**YOUR ASSIGNMENT**
Beginning with the line that contains "A blue paper", reproduce the remaining lines of the material exactly, up to and including the last one, but no pictures.

**DATASET CONTENT**
☆ ☆ ☆
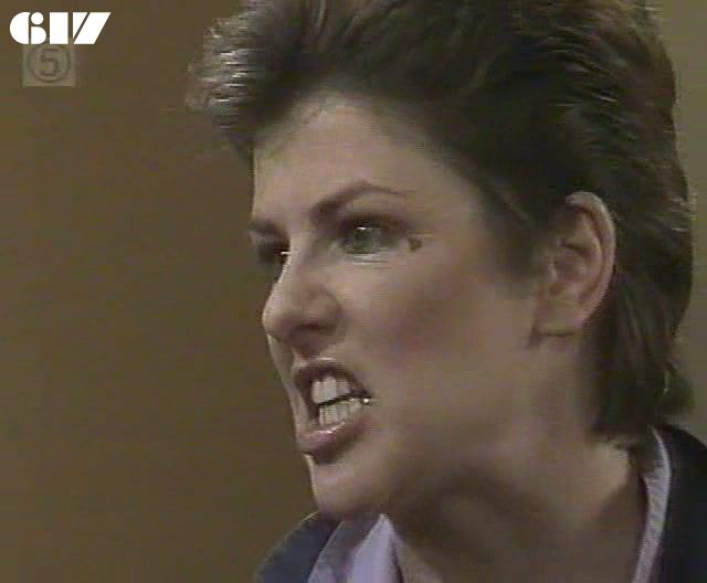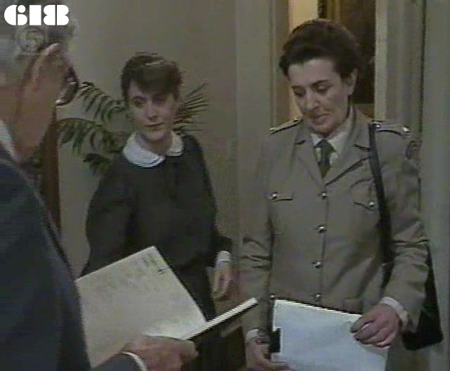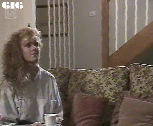 EPISODE 620Broadcast on Channel 5 Saturday 03 June 2000 4:40![]() Meg ~ Elspeth Ballantyne Joan ~ Maggie Kirkpatrick Ann ~ Gerda Nicolson Nancy ~ Julia Blake Rita ~ Glenda Linscott Julie ~ Jackie Woodburne Lexie ~ Pepe Trevor Alice ~ Lois Collinder Jessie ~ Pat Evison Kath ~ Kate Hood Janet ~ Christine Earle Bob ~ Peter Adams Vicki ~ Rebecca Dines Amy Ryan ~ Penny Ramsay Amelia Bassinger ~ Barbara Burder Taps ~ Valma Pratt Steve ~ Peter Hayes Tom Harley ~ Vince Gill Judge O’Grady ~ George Dixon Harry Bassinger ~ John Frawley Gas Company Man ~ Frank Sheenan The actress playing Amelia Bassinger does not seem to be the same as before: I suspect she is actually Judith Roberts. Joan remarks "the Board was light on Lumsden" - another previously unmentioned prisoner, presumably from D block? It sounds odd for both Jessie and Ann to use "Judge" as if it were Mr O'Grady's real Christian name rather than a job title. Nora and Barnhurst are both mentioned in dialogue. Marie Trevor should have stuck to her role as producer: the second half of this episode is simply badly written, and the direction and dodgy camerawork make matters even worse. | Ann tells Joan she should have allowed Steve's visit and makes her phone him to tell him he can visit in future. Steve tells his mother he's in love with someone at Wentworth. She assumes (not having seen any of them) that he means one of the officers: she is appalled to be told it is actually with a prisoner and tells him he is throwing his life away. Janet is dragged to the rec room to be questioned as a possible lagger, but she manages (surprisingly easily) to convince Rita that she is innocent. Rita manages to work out that if Kath has been passing on information about things that happened before she arrived, then someone must have told her about it. She asks if anyone has been talking to Kath and Nancy has to admit she has mentioned the radio controlled car to Kath, but she is sure she didn't say anything about the cocaine. Joan lords it over Meg, citing rules and subsections to justify petty confiscations from the women's cells. Meg warns Joan that if she is using an informer she is playing a dangerous game, which could put the life of the prisoner concerned in question. Taps visits a shopping mall in a lurid red ensemble hoping to attract the attention of Harry Bassinger. Even though Taps seems to have left the hat topped with a neon sign reading "FOLLOW ME" at home, Bassinger can be seen lurking behind a tie rack observing her every move. Alice holds Kath while Rita bashes her. Nancy tries to intervene, but this only alerts Meg to the situation. Meg takes Rita and Alice to the Governor's office along with Lexie, who was acting as lookout. Rita and Alice are sent to solitary and Lexie is given extra cleaning duties. Harry Bassinger follows Taps home: she has now topped off the red ensemble with a bright yellow umbrella just in case he is at risk of losing her. It doesn't say much for her street wisdom that she is actually completely unaware that she is being followed. Ann wants to talk to Steve before he sees Julie: she asks him if anyone could have got the details used against Julie at her parole hearing from reading his thesis. Kath tells Bob his presence in Wentworth puts her in greater danger. Bassinger's wife begs him to go on holiday to get away from the publicity generated by the latest escape: this seems to indicate that she knows very well of his involvement in the previous murders of escapees and worries he is already tracking down Jessie. Nancy apologises to Lexie for getting them all into trouble and they make up over discussing names for Lexie's baby. Kath asks Ann for a transfer, but Ann refuses as she knows there is overcrowding in other prisons. Ann's refusal hardens Kath's attitude and she warns Ann she will have to defend herself in any way she knows in future. Steve shows Julie the engagement ring (to a sleazy jazz cocktail piano accompaniment). Lexie is just about to get heavy with Kath when Janet happens along, but Kath rebuffs Janet's offer of help. Ann advises Bob to consider a transfer himself for his own good as well as Kath's. Bassinger calls the gasman and reports a gas leak at the house where Jessie is staying, so that he can find out the time the engineer is expected to call. Kath refuses to let Nancy play the Good Samaritan and tells her to go away and leave her alone. When Ann leaves Wentworth to visit Dan in hospital, Joan makes a point of asking for a contact number just in case there are any decisions to be made that she can't be trusted to handle on her own. Bassinger gets into Taps' house through the back as the gasman calls at the front, and overpowers Tom. Joan reminds Lexie that this time she's in prison for a long stretch, so she won't stand for any insolence from her. Bassinger makes Jessie tie Tom up and pulls a knife to kill Jessie. With one bound, Tom is free, overpowers Bassinger and Bassinger is taken away. Tom has to pretend to talk to the inaudible off-screen police officers not catered for in the script. Bob makes his decision: he tells Ann and Kath |
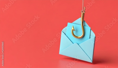 A blue paper envelope with a golden fishhook attached, symbolizing phishing or online scams, set against a vibrant red background.
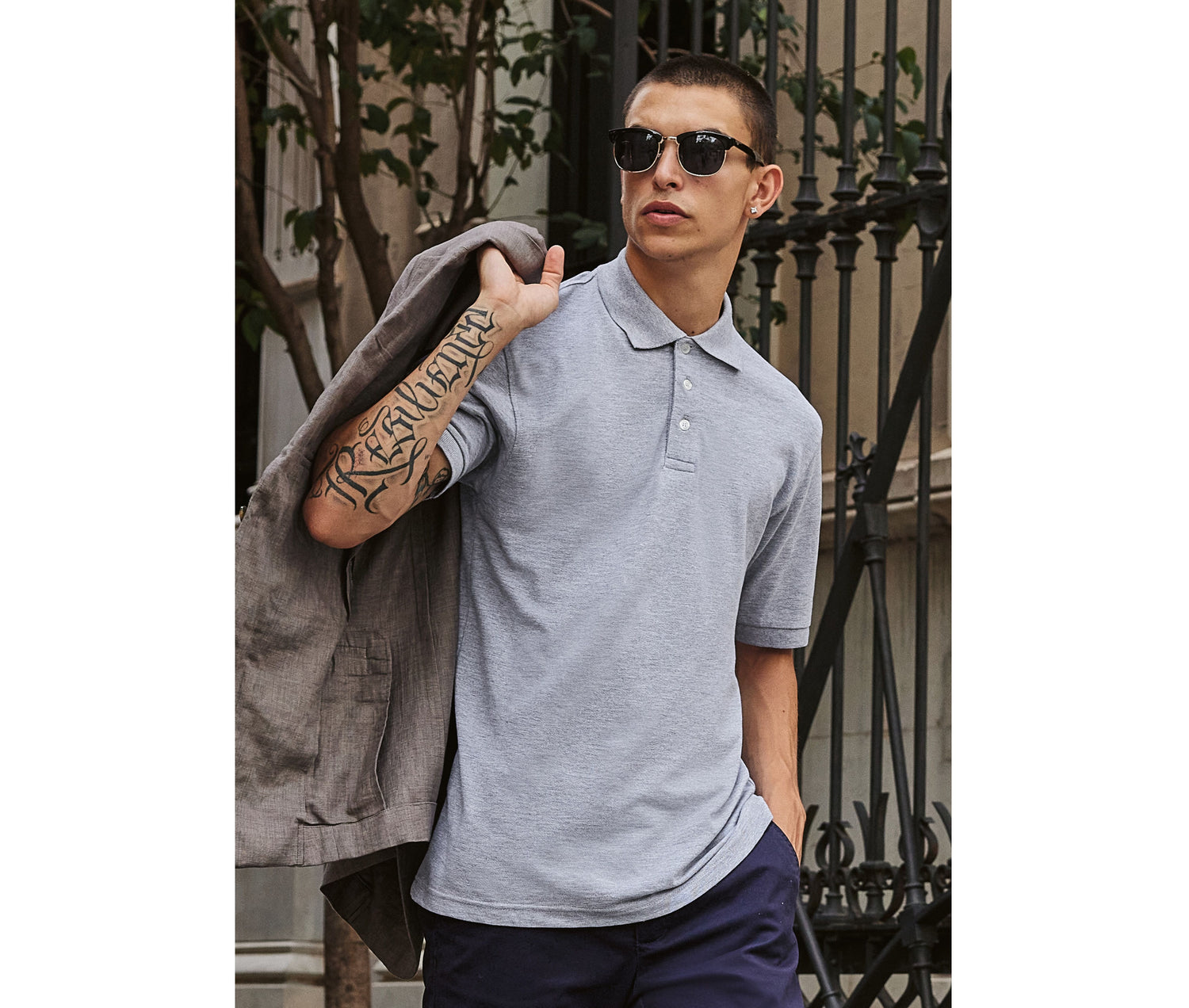 Piqué. Nackenband am Kragen. Knopfleiste mit 3 farblich passenden Knöpfen.
☆ ☆ ☆
**EXPECTED ANSWER**
 A blue paper envelope with a golden fishhook attached, symbolizing phishing or online scams, set against a vibrant red background.
 Piqué. Nackenband am Kragen. Knopfleiste mit 3 farblich passenden Knöpfen.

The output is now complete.